Squidbleed, discovered with the aid of Claude Mythos Preview, has been described as a Heartbleed-style vulnerability. The post Decades-Old Squid Proxy Flaw ‘Squidbleed’ Can Expose User Data appeared first on SecurityWeek .

Why It Matters

According to SecurityWeek, Squidbleed (CVE-2026-47729) is a decades-old heap over-read vulnerability in Squid’s FTP parser that can leak prior users’ cleartext HTTP request data, including authentication credentials, session tokens, and API keys, to any attacker already allowed to use the same proxy.[1][3][8] The flaw affects long-standing Squid deployments and is likened to Heartbleed because it enables memory disclosure from a widely used infrastructure component rather than direct code execution.[1][3] From a CyberSE.AI perspective, this represents a critical data leakage risk in the AI supply chain: organizations may have Squid embedded in appliances or in front of AI services and APIs, so unpatched proxies can silently expose model API keys, user tokens, and sensitive request payloads transiting to AI systems. Practically, security teams should inventory where Squid is used (including embedded products), rapidly apply or verify patches, disable FTP support where possible, and include Squid and similar proxy components in SBOM-driven AI supply chain risk management and continuous monitoring.
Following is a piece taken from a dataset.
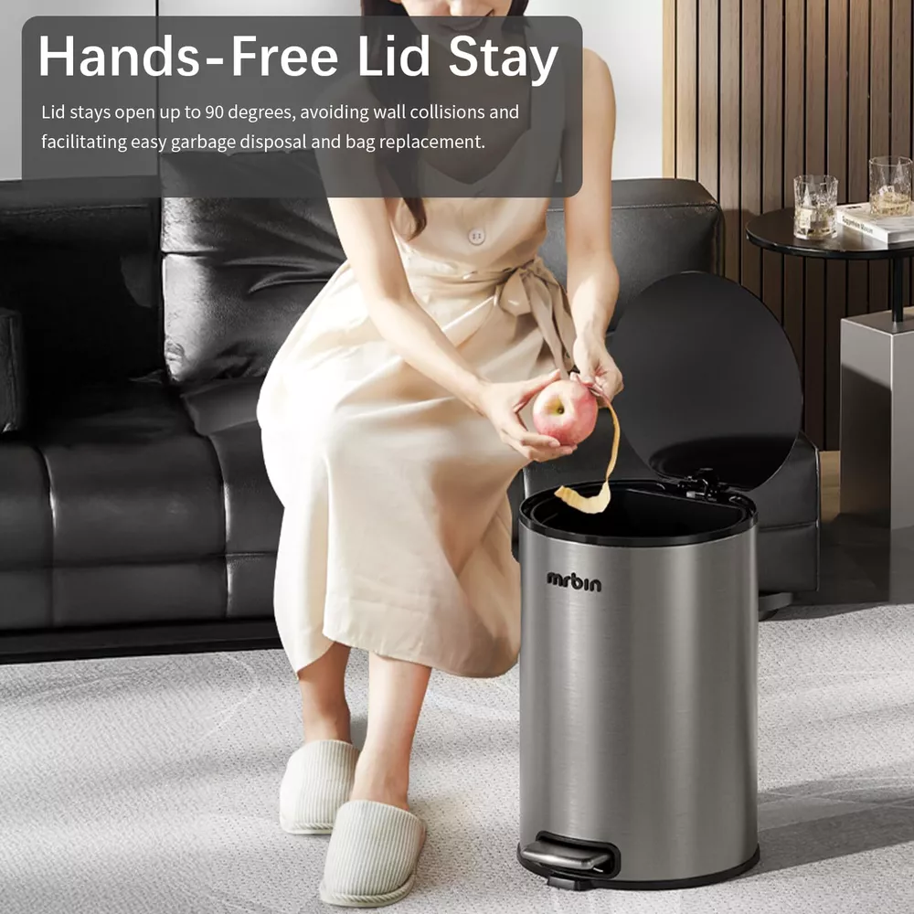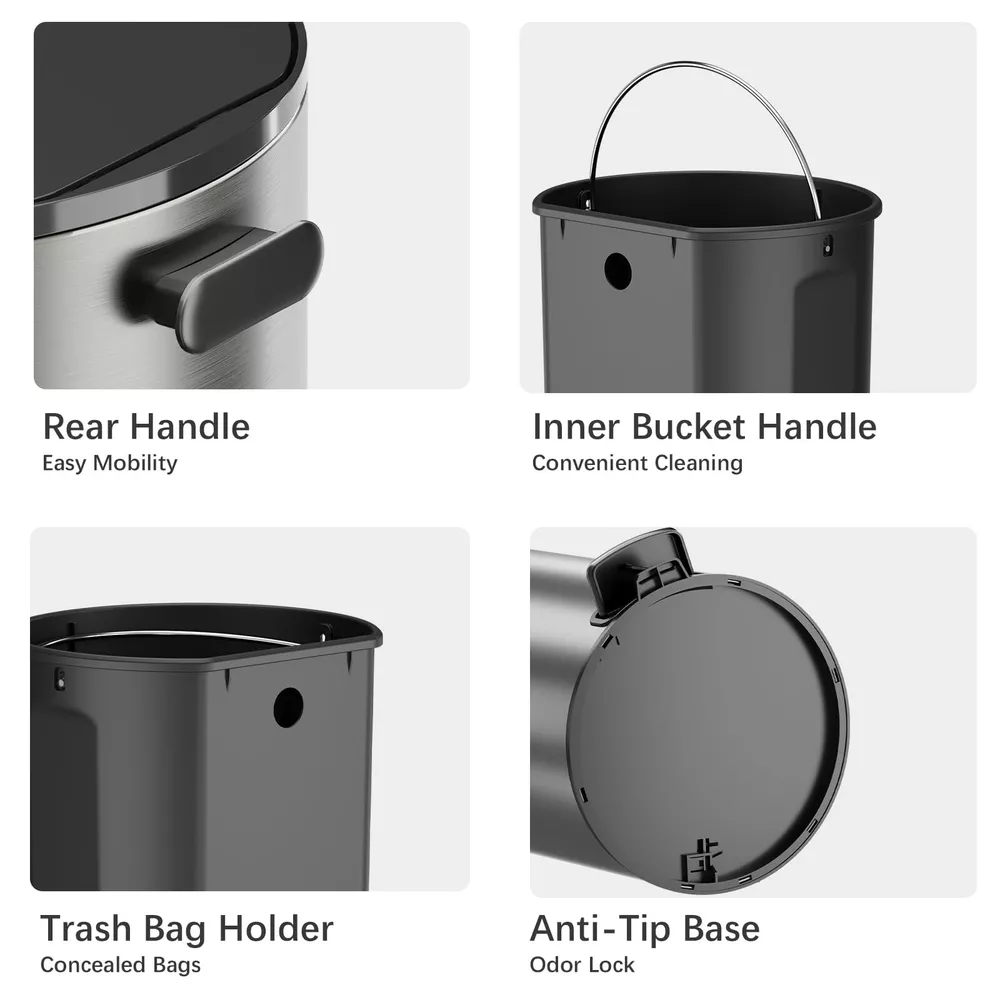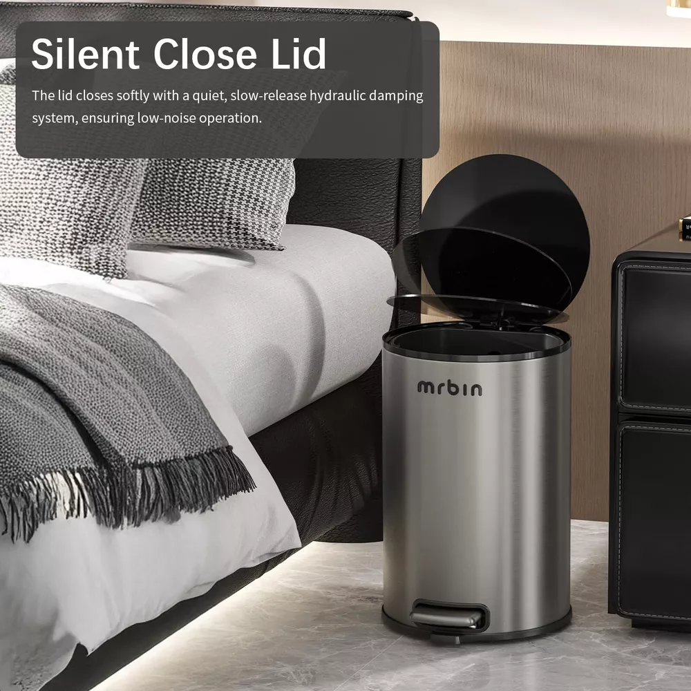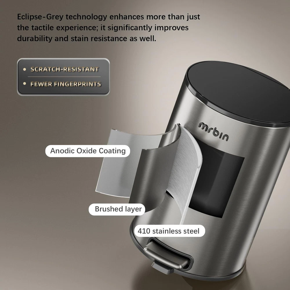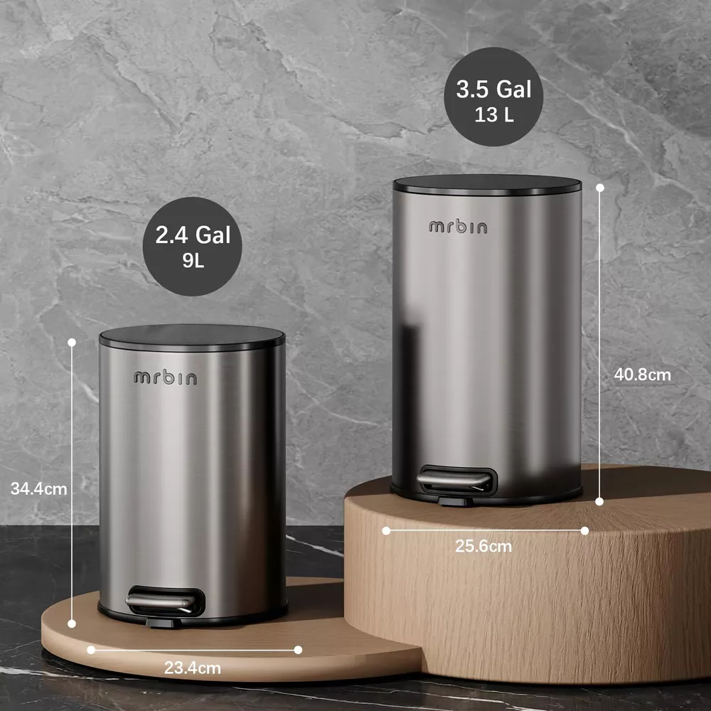 Elegant Art-Inspired Decor Accessory: This decorative trash can enhances your home decor with a minimalist design and a tungsten grey steel construction. Its matte oxidized finish and super-thin lid offer a sophisticated touch, elevating the aesthetic of any space with a high-end accessory. Durable and Rust-Resistant Wastebasket: Crafted with a fortified metal construction, this wastebasket offers unmatched durability and rust resistance for your bath or toilet. Its advanced surface technology eliminates stains and fingerprints, ensuring a pristine and reliable waste solution for long-term use. Silent Covered Disposal: Enjoy the tranquility with our covered trash can, designed with a quiet closure system that offers low-noise, slow lid descent, ensuring a peaceful environment. Premium Plastic Inner Bucket: This waste container boasts a removable premium plastic inner bin with a built-in handle for easy cleaning and disposal. The retention hole keeps trash bags tidy and concealed, ensuring your can remains clean and presentable. Portable Compact Design: Equipped with a convenient rear handle for easy movement, this 2.4 gallons capacity waste container, with its compact dimensions of 9.2 * 9.2 * 13.58 inches, serves as an ideal accessory for restroom essentials and a practical office trash can for placement near desks.

Healthcare Fintech SaaS SMB AI startups

CyberSE Analysis

This signal maps to data leakage. Organizations using AI agents, LLM APIs, SaaS integrations, or sensitive data workflows should review whether this class of issue could create unauthorized tool execution, data leakage, weak approval gates, or unmanaged supply-chain exposure.

Recommended Actions

  • Restrict AI agent tool permissions and production write paths.
  • Review sensitive data access across prompts, logs, embeddings, memory, and SaaS integrations.
  • Add human approval workflows for high-impact or state-changing actions.
  • Run prompt injection and indirect prompt injection tests against affected workflows.
  • Document the owner, control gap, and remediation deadline for this risk class.